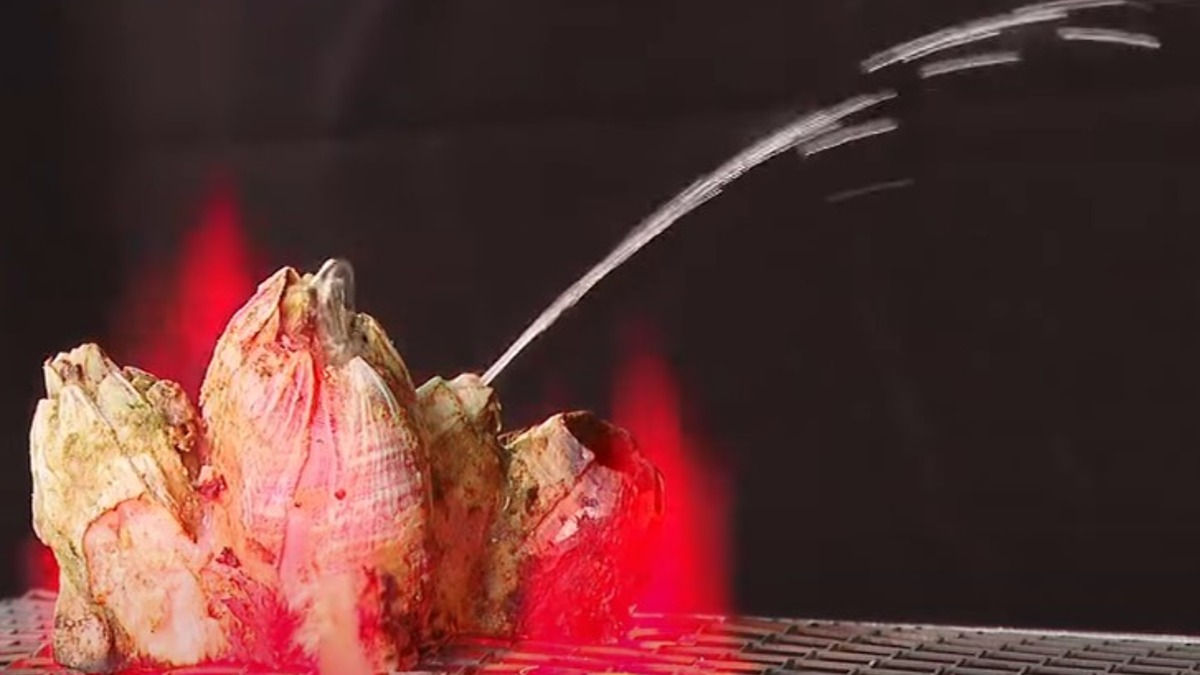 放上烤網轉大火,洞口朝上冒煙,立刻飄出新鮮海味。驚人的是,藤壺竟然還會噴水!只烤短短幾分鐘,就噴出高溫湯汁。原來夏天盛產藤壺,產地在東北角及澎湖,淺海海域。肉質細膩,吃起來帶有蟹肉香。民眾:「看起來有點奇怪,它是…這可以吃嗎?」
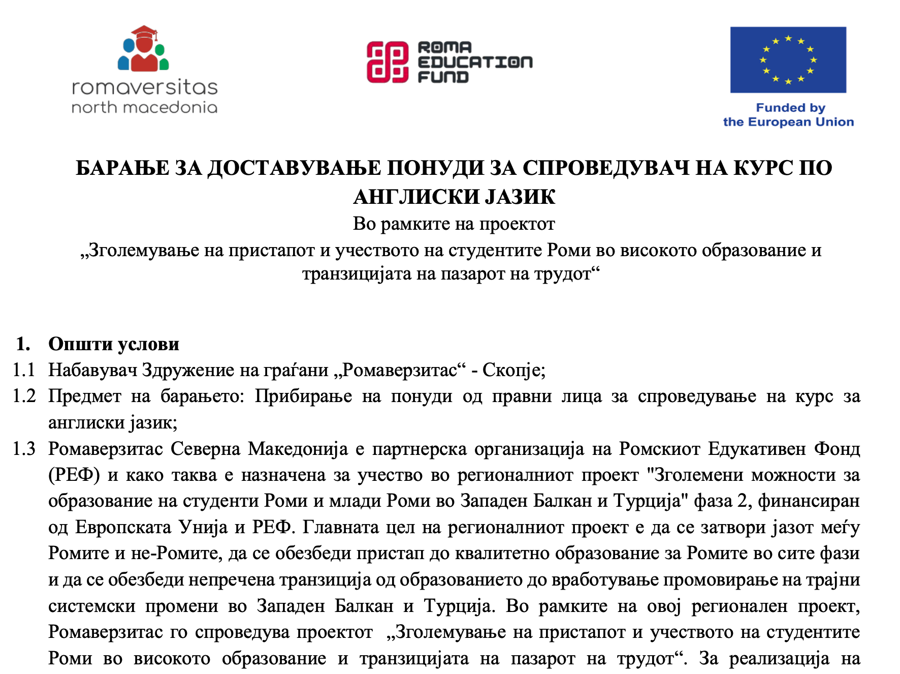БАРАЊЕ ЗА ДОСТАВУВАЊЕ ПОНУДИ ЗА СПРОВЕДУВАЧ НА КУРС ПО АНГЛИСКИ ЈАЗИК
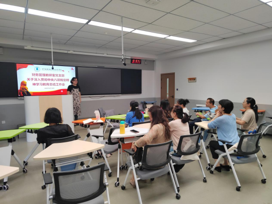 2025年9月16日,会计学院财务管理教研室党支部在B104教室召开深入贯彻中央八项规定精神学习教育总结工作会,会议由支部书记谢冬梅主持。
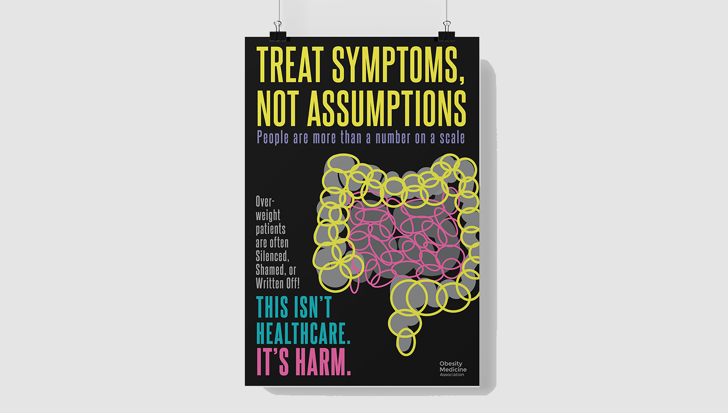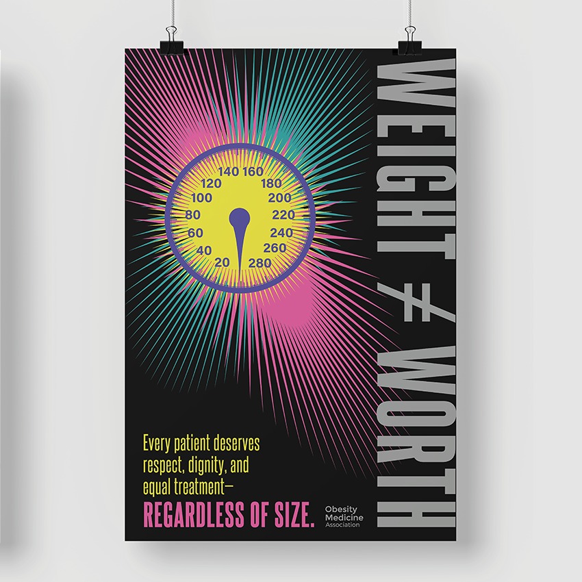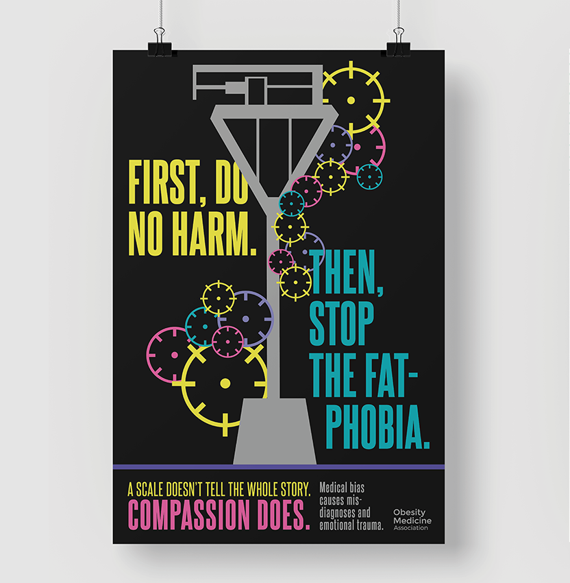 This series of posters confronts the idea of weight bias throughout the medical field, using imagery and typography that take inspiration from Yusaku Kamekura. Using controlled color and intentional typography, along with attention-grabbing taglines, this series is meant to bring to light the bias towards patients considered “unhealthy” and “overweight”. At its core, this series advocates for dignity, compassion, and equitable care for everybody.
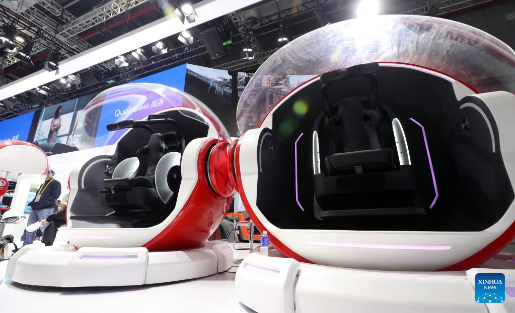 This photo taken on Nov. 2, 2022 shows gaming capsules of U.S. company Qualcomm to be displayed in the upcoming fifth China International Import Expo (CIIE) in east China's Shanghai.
------
What you are asked to do: Pictures are not part of the copy. Output only the lines from the one with "2025年9月16日,会计学" through the final line of the records, exactly as given.

Exercise solution:
 2025年9月16日,会计学院财务管理教研室党支部在B104教室召开深入贯彻中央八项规定精神学习教育总结工作会,会议由支部书记谢冬梅主持。
 This series of posters confronts the idea of weight bias throughout the medical field, using imagery and typography that take inspiration from Yusaku Kamekura. Using controlled color and intentional typography, along with attention-grabbing taglines, this series is meant to bring to light the bias towards patients considered “unhealthy” and “overweight”. At its core, this series advocates for dignity, compassion, and equitable care for everybody.
 This photo taken on Nov. 2, 2022 shows gaming capsules of U.S. company Qualcomm to be displayed in the upcoming fifth China International Import Expo (CIIE) in east China's Shanghai.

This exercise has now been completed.